Activity =
Repeat the data that follows verbatim. Images are not part of the copy.

___ Input data ___

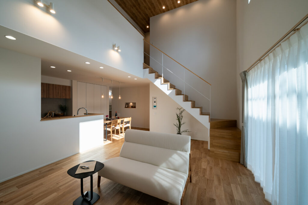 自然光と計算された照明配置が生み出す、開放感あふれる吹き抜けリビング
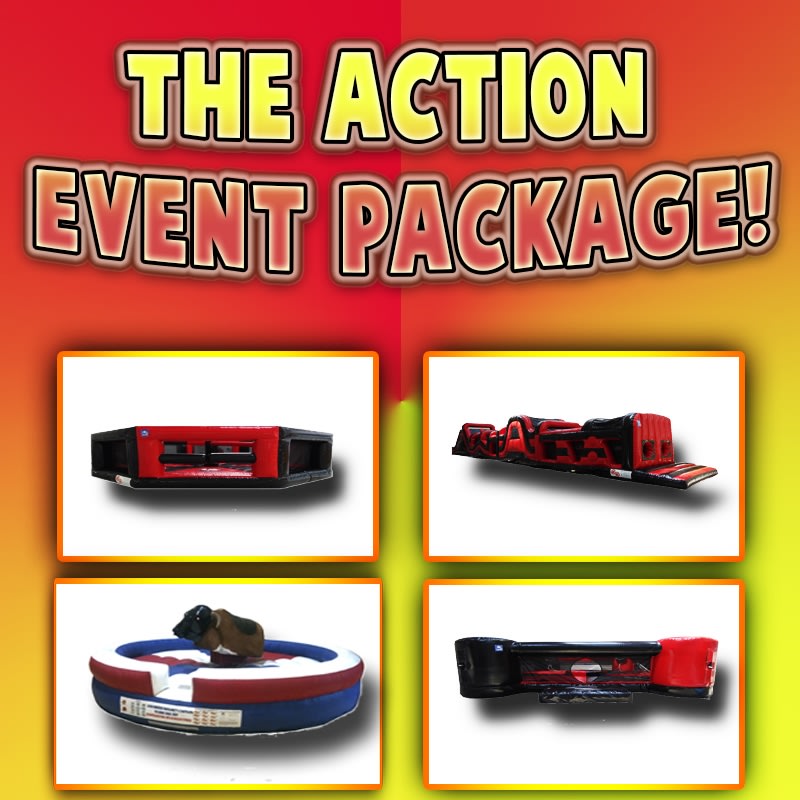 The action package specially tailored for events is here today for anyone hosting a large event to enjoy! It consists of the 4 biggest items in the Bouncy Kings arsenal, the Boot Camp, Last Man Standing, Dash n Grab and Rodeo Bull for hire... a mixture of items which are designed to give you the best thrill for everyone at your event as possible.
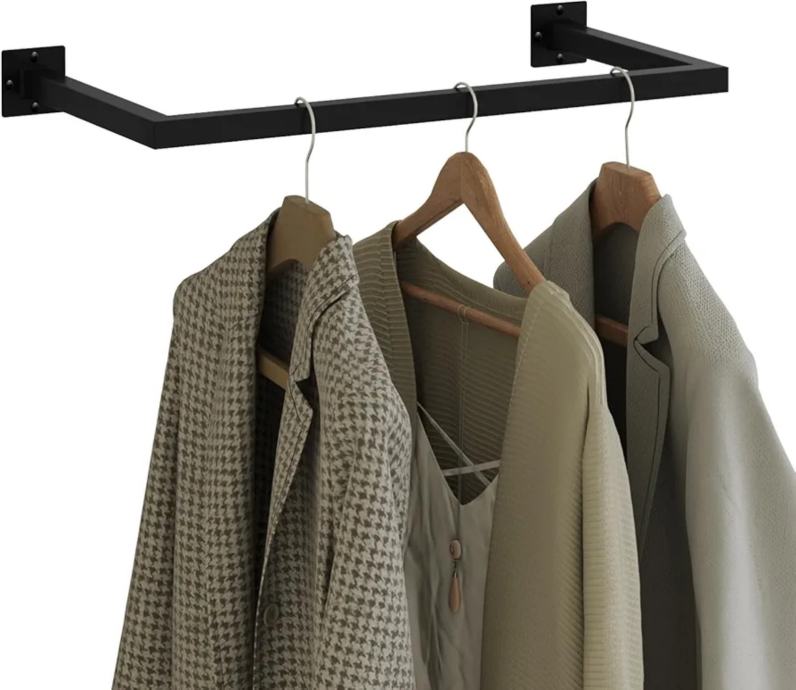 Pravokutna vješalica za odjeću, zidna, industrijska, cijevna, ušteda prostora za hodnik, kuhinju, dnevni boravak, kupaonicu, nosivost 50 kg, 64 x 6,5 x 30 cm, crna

___

Result for this exercise =
 自然光と計算された照明配置が生み出す、開放感あふれる吹き抜けリビング
 The action package specially tailored for events is here today for anyone hosting a large event to enjoy! It consists of the 4 biggest items in the Bouncy Kings arsenal, the Boot Camp, Last Man Standing, Dash n Grab and Rodeo Bull for hire... a mixture of items which are designed to give you the best thrill for everyone at your event as possible.
 Pravokutna vješalica za odjeću, zidna, industrijska, cijevna, ušteda prostora za hodnik, kuhinju, dnevni boravak, kupaonicu, nosivost 50 kg, 64 x 6,5 x 30 cm, crna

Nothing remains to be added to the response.